The advantage of loss emulation over output emulation is a reduction of the training complexity, as a multi-dimensional vector is replaced by a scalar as the target function. The disadvantage is that, as opposed to output emulation, the emulator can only be trained after the patient has come into the clinic and the training data have become available. This implies that, on production of the training data, the emulator must be trained and the resulting emulated loss function must be optimized, leading to higher computational costs at the time that a clinical decision must be made. However, these computational costs are still low compared with running the simulator.

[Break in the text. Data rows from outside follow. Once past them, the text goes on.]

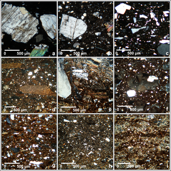 Fotomicrografías de los nueves modos de pastas registrados en Bordo Marcial. a) Modo Grueso Granítico-Cuarzoso [M 12]; b) Modo Grueso Granítico-Cuarzoso de densidad moderada [M 10]; c) Modo Medio Cuarzoso-Granítico [M 15]; d) Modo Medio Metamórfico-Cuarzoso [M 21]; e) Modo Medio Metamórfico-Cuarzoso sin tiesto [M 5]; f) Modo Grueso Volcánico [M 7]; g) Modo Fino [M 16]; h) Modo Muy Fino [M 9]; i) Modo Fino sin atemperante [M 14].
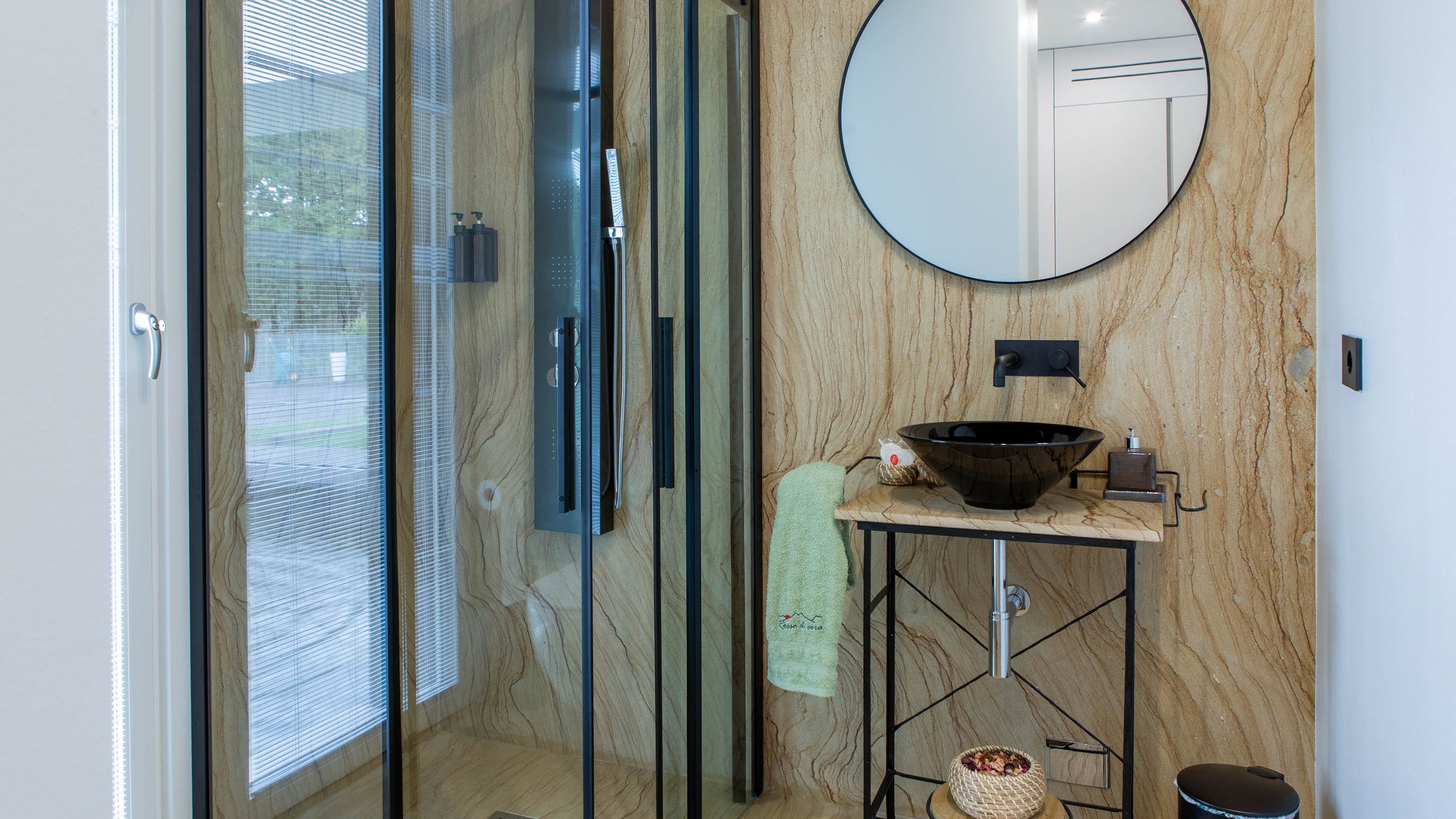 Bagno elegante in pietra pregiata con doccia idromassaggio, set cortesia e asciugamani
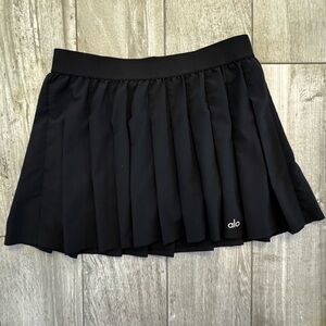Stylish black pleated skirt by Alo. Perfect for casual outings or sports activities. Built in shorts. Mid rise.
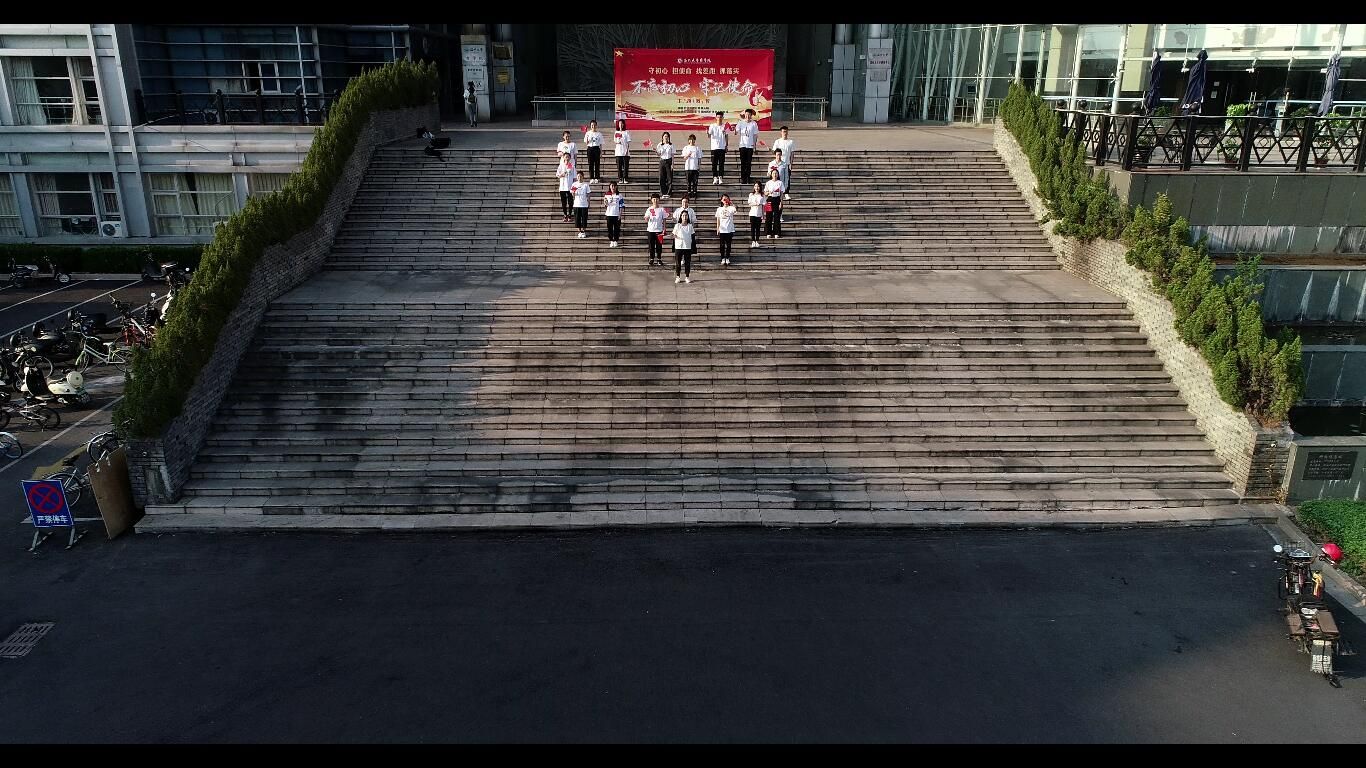 首先,在学生会的协助下,各位党员了解了拍摄主题视频的走位情况。接着,党员们手持着小红旗以及印有“建国七十年 奋进新时代” “我爱你中国”“不忘初心 牢记使命”等字样的宣传牌,由三位女生从商院楼里走出来,四位女生从“不忘初心,牢记使命”主题教育的宣传牌前走出来,再由三位男生从宣传牌另一侧走出来,剩下的党员则在台阶上斜着站成一排,大家开始齐声歌唱《我和我的祖国》。最后,全体党员围成一个爱心的形状,手中挥舞着小红旗,热情澎湃地唱着献给祖国的赞歌。

Loss emulation is closely related to Bayesian optimization, reviewed for example in Shahriari et al. (2016) and Noè (2019), which is a strategy to include further query points iteratively by trading off exploration versus exploitation via some heuristic or information theoretic criterion. However, every additional query point requires a computationally expensive simulation from the mathematical model, which prevents fast clinical decision making in realtime and renders Bayesian optimization infeasible for the purposes of our study.

3.4 Interpolation methods

We have considered several interpolation methods, based on GPs. GPs have been widely used in the context of emulation; see for example Kennedy and O’Hagan (2001), Conti et al. (2009) and Conti and O’Hagan (2010). For a comprehensive introduction to GPs, the reader is referred to Rasmussen and Williams (2006). Each of the interpolation methods can be used with both of the emulation paradigms that were described in Section 3.3.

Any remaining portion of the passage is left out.